Проснувшись, она спустила ноги с кровати, сладко потянулась, а затем завернулась в одеяло, прошла босиком на балкончик, имевшийся в спальне, и постояла на нем пару секунд, вдыхая свежий утренний воздух. В нем чувствовалось нечто стальное, холодящее, напомнившее ей острое лезвие клинка. Воздух был неподвижен, однако его холод проникал сквозь тонкую ткань ночной рубашки, отчего кожа покрылась пупырышками. Как-никак наступала зима. Ранние солнечные лучи придавали окружающему ее миру чеканную внятность. Малейшие детали были видны отчетливо и ясно. Ах, как недоставало ей всего этого в наполненном влажными испарениями и вечно затянутом дымкой мире Южной Флориды! Вдали высились горы, и ей казалось, что она даже на расстоянии способна почувствовать их запах. По высокому голубому небу плыли большие белые кучевые облака, уносимые куда-то на восток мощным воздушным потоком. Они словно подыскивали себе какую-нибудь покрытую снегом вершину, на которой могли бы задержаться и немного отдохнуть.

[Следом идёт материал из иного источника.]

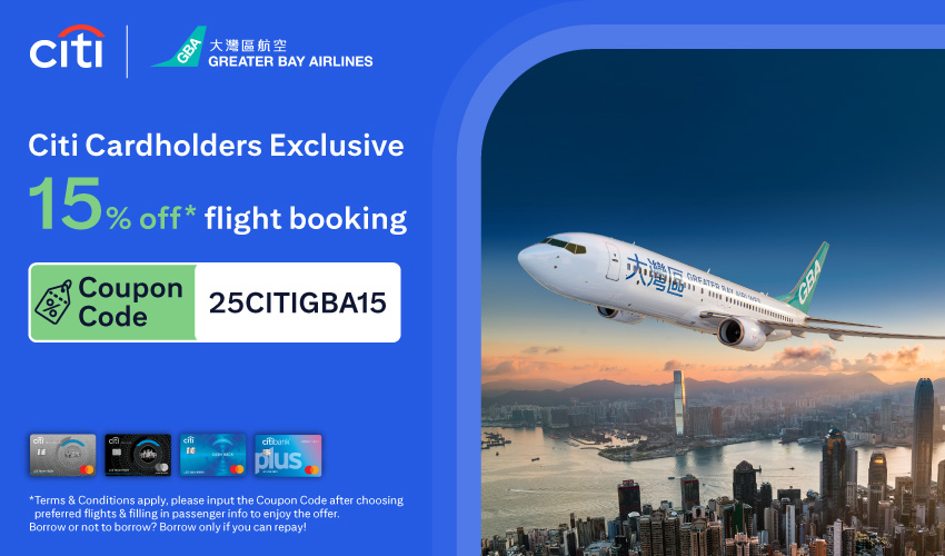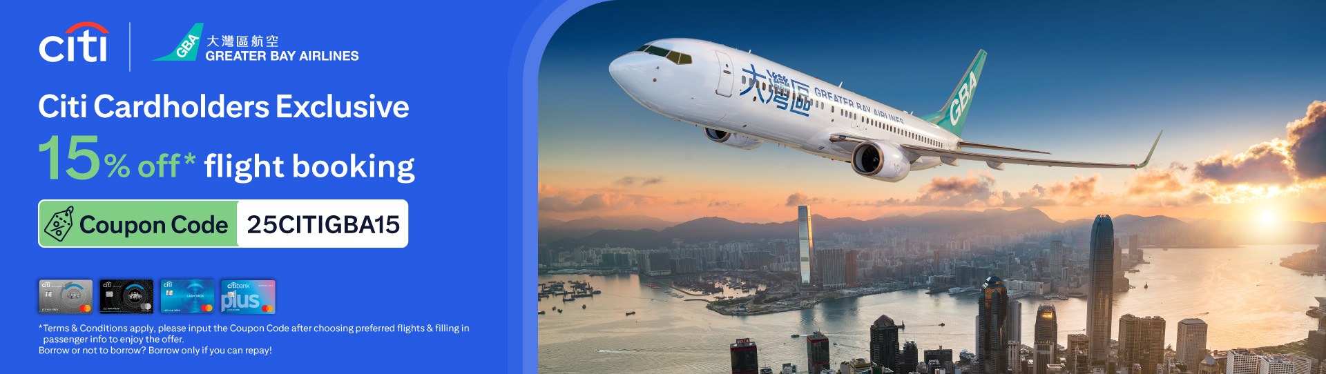 During the designated booking, Cardholders who book the round-trip flight ticket departing from Hong Kong to selected destinations below via official website or mobile application of Greater Bay Airlines with applicable Citi Credit Cards / Debit Cards / Commercial Cards, and enter the designated Coupon Code at checkout, will be entitled to 15% off discount offers:
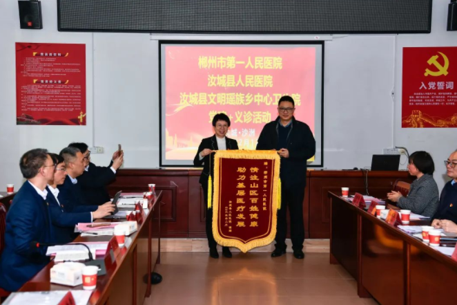 隨后,雷冬竹一行與隨行專家組來到文明瑤族鄉(xiāng)中心衛(wèi)生院,與汝城縣人民醫(yī)院、文明瑤族鄉(xiāng)中心衛(wèi)生院交流對(duì)口幫扶工作經(jīng)驗(yàn),圍繞黨的二十大報(bào)告提出的“健康中國(guó)”建設(shè),如何促進(jìn)優(yōu)質(zhì)醫(yī)療資源擴(kuò)容和區(qū)域平衡布局,提高基層防病治病的健康管理能力,就未來合作方向進(jìn)行探討,雷冬竹強(qiáng)調(diào)要立足站位作幫扶、立足學(xué)科發(fā)展作幫扶、立足服務(wù)作幫扶。專家組還為當(dāng)?shù)乩习傩者M(jìn)行免費(fèi)健康體檢和義診,受到一致好評(píng)。
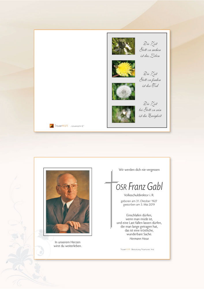 Bestattung wurde durchgeführt von: Daniel Klocker Bestattung Praxmarer GmbH Thomas Walch Str. 4 6460 - Imst Tel.: 05412 64250 zum Bestatter
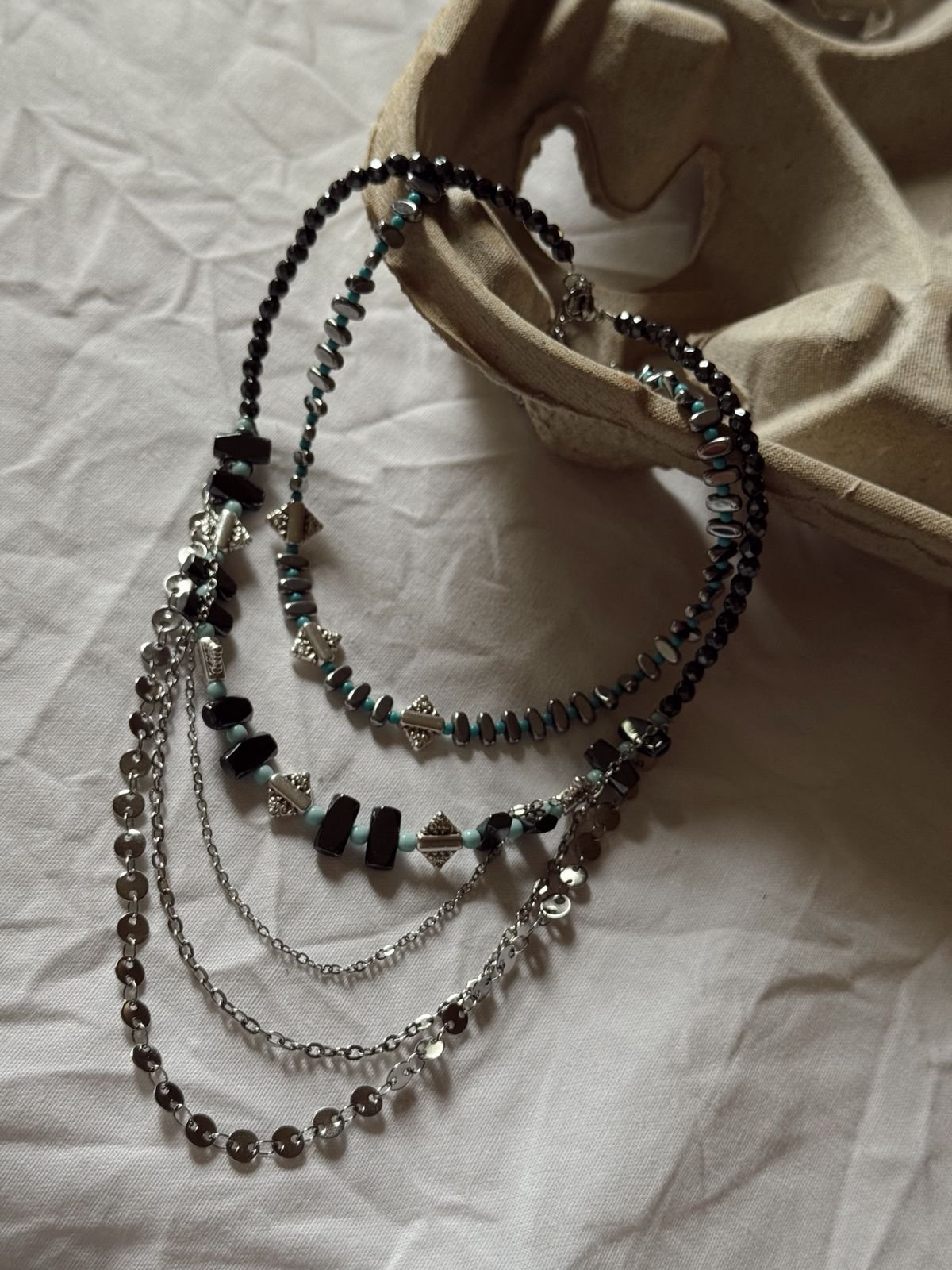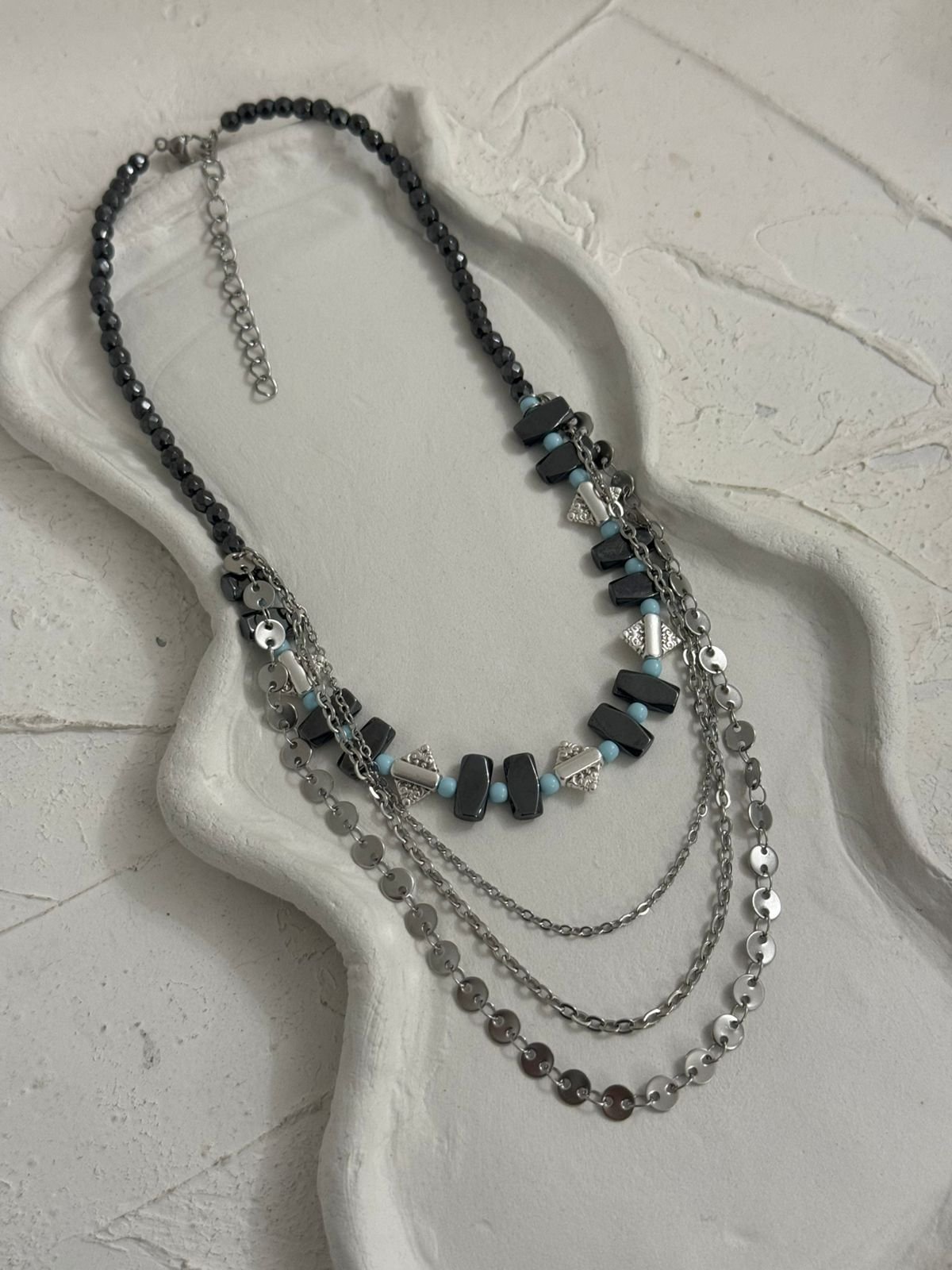 Κομψό και σύγχρονο statement κολιέ που συνδυάζει μοναδικά υλικά και υφές. Αποτελείται από γκρι-μαύρες πέτρες με γεωμετρικό σχήμα, διακριτικές γαλάζιες χάντρες και μεταλλικά στοιχεία σε ασημί απόχρωση, δημιουργώντας μια αρμονική αντίθεση. Οι πολλαπλές αλυσίδες προσθέτουν κίνηση και λάμψη, ενώ το ρυθμιζόμενο κούμπωμα εξασφαλίζει τέλεια εφαρμογή.
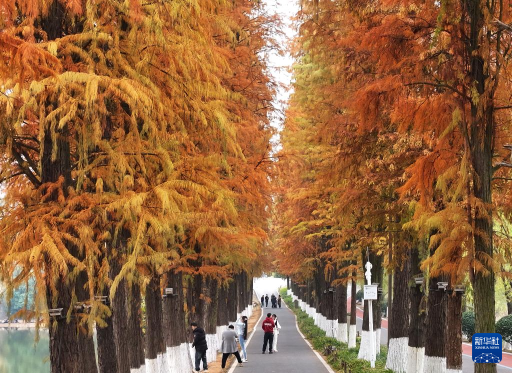 12月19日,市民在湖南省衡阳市雁峰区一处水杉林游玩(无人机照片)。
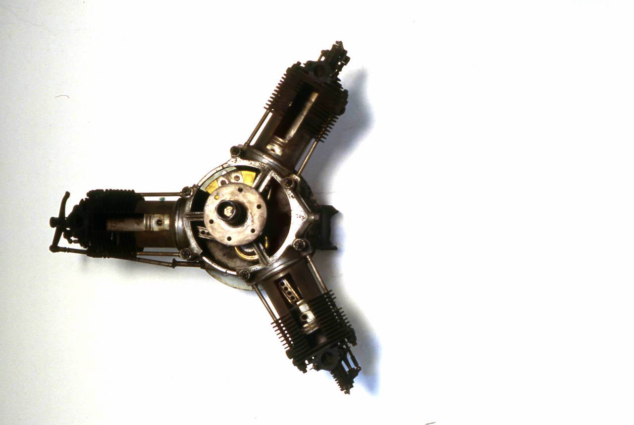 Motore a 3 cilindri disposti a Y, raffreddato ad aria. La superficie esterna dei cilindri presenta un'alettatura per il raffreddamento. I cilindri e il carter sono stati parzialmente sezionati a scopo didattico.
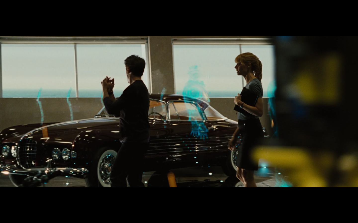 WHOA WHOA WHOA stop the presses. That car in the background is – and I’m confirming – a Ghia Cadillac, of which I think 2 were made. And the only customer car belonged to Rita Hayworth and BELONGS IN A MUSEUM which is where I’m assuming they borrowed this from. But yeah, early 50s Cadillac styled by Ghia, so probably on the top ten list of classiest American cars ever. What a fucking choice. They had better ideas after ditching the Saleen and the Cobra.
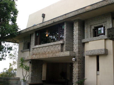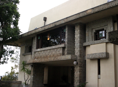 フランク・ロイド・ライト設計の邸宅は、芦屋の海を一望できる崖の上にあります。 帝国ホテルと似た雰囲気の意匠がたくさん見られますが、ここはホテルと違いプライベートな空間です。 デザインが彫られた軟らかい大谷石が家の外装にも、そして家の内部の壁や床へも多く用いられていました。 テラスからの眺望、室内の光の強弱、次の間へといざなうような階段や廊下の造り。 80年を経た館はますます多くの人々魅了していました。 私も何度でもここへ来で、細部をもっともっと見てみたくなりました。
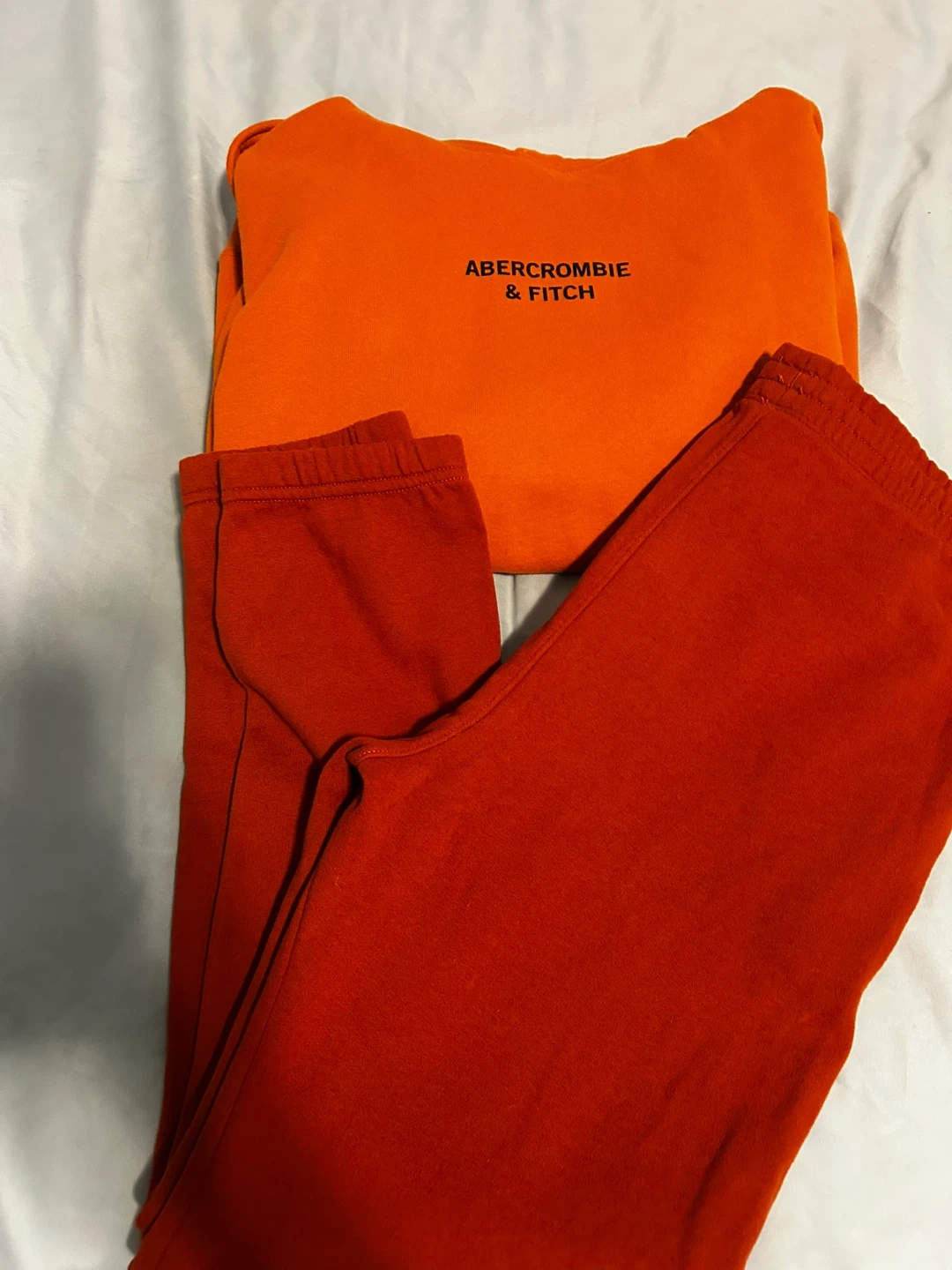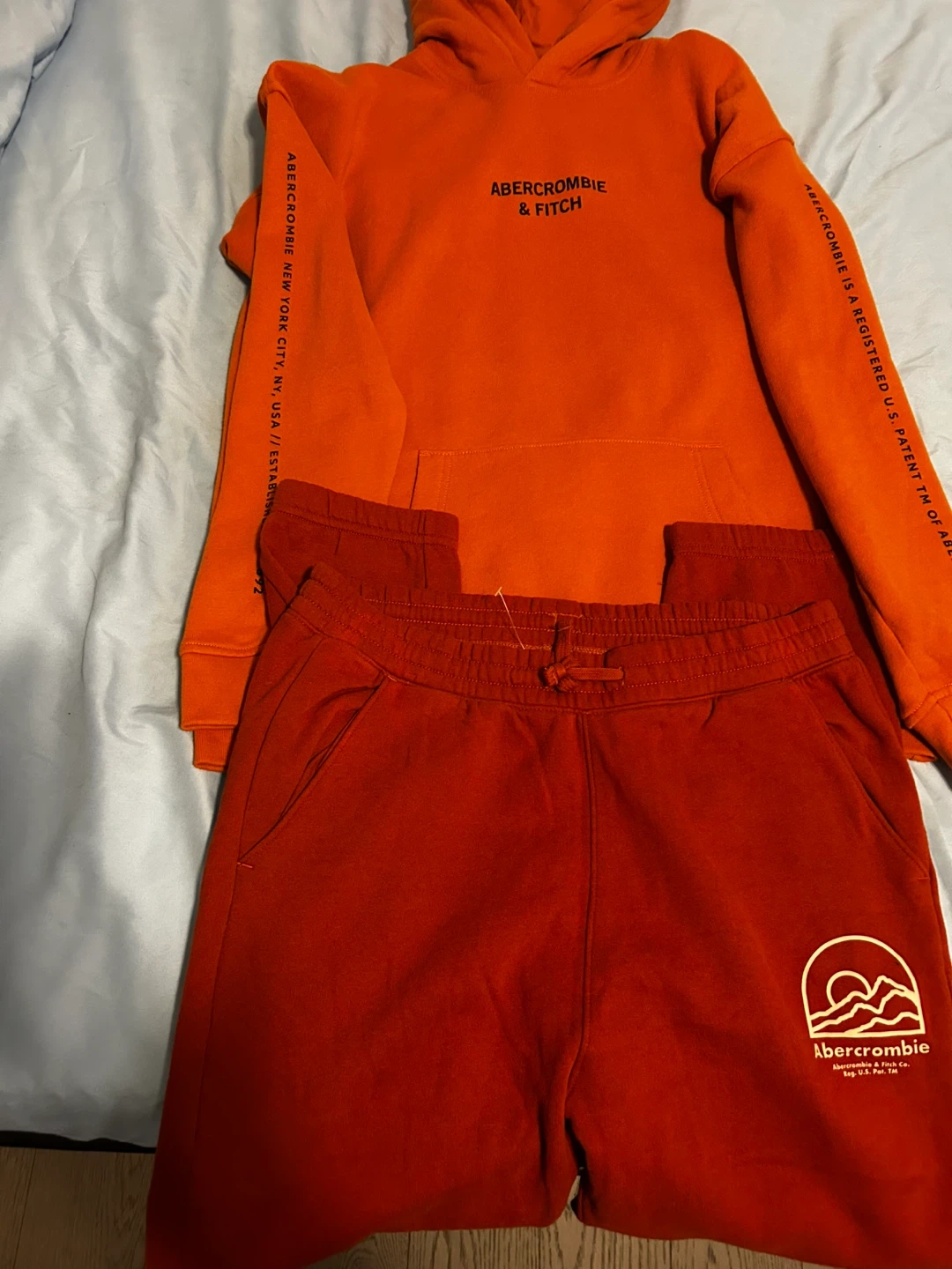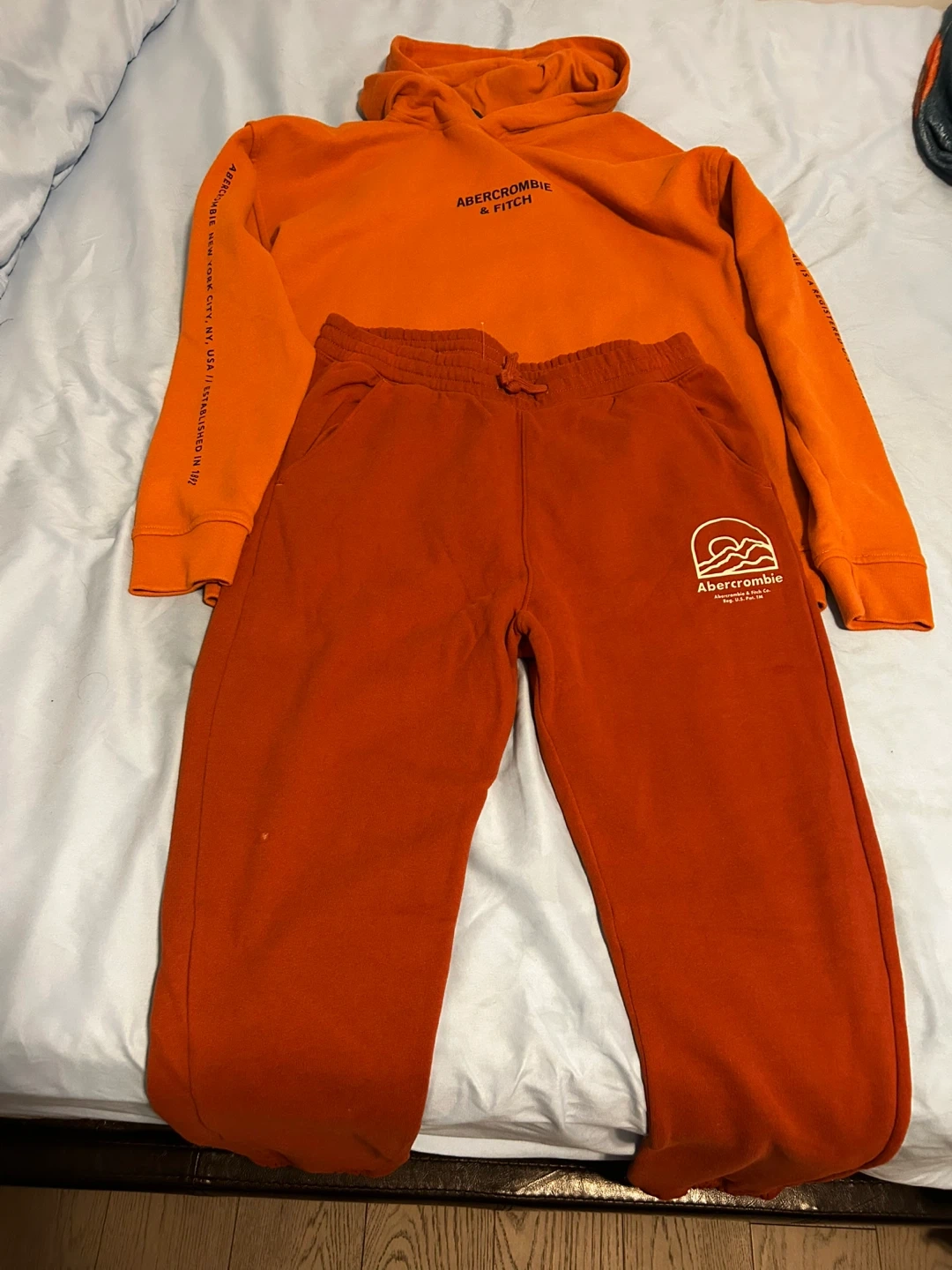 This Abercrombie Kids set includes an orange hoodie and brick colour sweatpants. They're a relaxed fit and size 17/18.

Диана поежилась, и у нее промелькнула мысль: «А ведь мне хотелось бы здесь жить». Она жадно хватала ртом воздух, который представлялся ей панацеей от всех болезней. Глаза ее скользили по окружающему ландшафту. Дом, в котором они остановились, находился недостаточно высоко, чтобы из его окон был виден город. Вместо него ее взору предстало обширное, поросшее кустарниками пространство позади ограды и проходящего сразу за ней оврага. Прислушавшись, Диана различила голоса и ритмичные удары ракеток по теннисным мячикам, — казалось, по ним били скорее деликатно, нежели со страстью. Она поняла, что это живущие поблизости домохозяйки вышли на корты размяться — сделать что-то вроде обычной физзарядки.
Вдыхая чистый воздух и слушая тишину, она подивилась, что вокруг так мало шума. Даже на островах Аппер-Киз было более шумно. Там по шоссе то и дело проносились грузовики, шелестели на ветру листья пальм. Она привыкла считать, что и весь остальной мир также всегда наполнен шумами. В особенности это касалось Майами и других больших городов, которые всегда были полны тех или иных звуков. Гул уличного транспорта, сирены, выстрелы, злые выкрики, полные бешенства и ярости. В современном мире, полагала она, шум чем-то сродни насилию.
Но этим утром она не слышала ничего, что не укладывалось бы в ее представления о нормальной жизни. Она не могла не признать, что это самая впечатляющая особенность нового штата, какую только можно себе представить. Ей казалось, что здешняя хваленая нормальность будет действовать ей на нервы, но нет. Наоборот, это было приятно. Хотя если бы Диана несколькими днями ранее побывала вместе с дочерью в хосписе, она согласилась бы, что особенная тишина, которая царила в этом заведении, была во многом сродни той, в которую она вслушивалась этим утром.
Она вернулась в спальню, однако закрывать за собой балконную дверь ей не хотелось. Пусть свежий воздух проникает внутрь, решила она. В собственном доме она на такое не решилась бы. Затем она быстро оделась и спустилась в кухню.
Сьюзен оставила ей в кофеварке кофе ровно на чашку, и она налила себе кофе, добавив молока и сахара. Голода она не ощущала и, хотя понимала, что следует что-нибудь съесть, решила отложить это на потом.
Взяв чашку кофе с собой в гостиную, Диана увидела конверт, наполовину просунутый в прорезь для почты, сделанную во входной двери, и торчащий из нее. Ей показалось это странным — она подошла и взяла письмо.
Имя адресата на конверте отсутствовало. Конверт вообще не был надписан. Диана остановилась в нерешительности. Впервые за это утро она вспомнила, почему приехала в этот штат. И также впервые она напомнила себе, что, скорее всего, останется одна до самого вечера.
Но затем, решив, что осторожность в данном случае сродни слабости, она вскрыла конверт.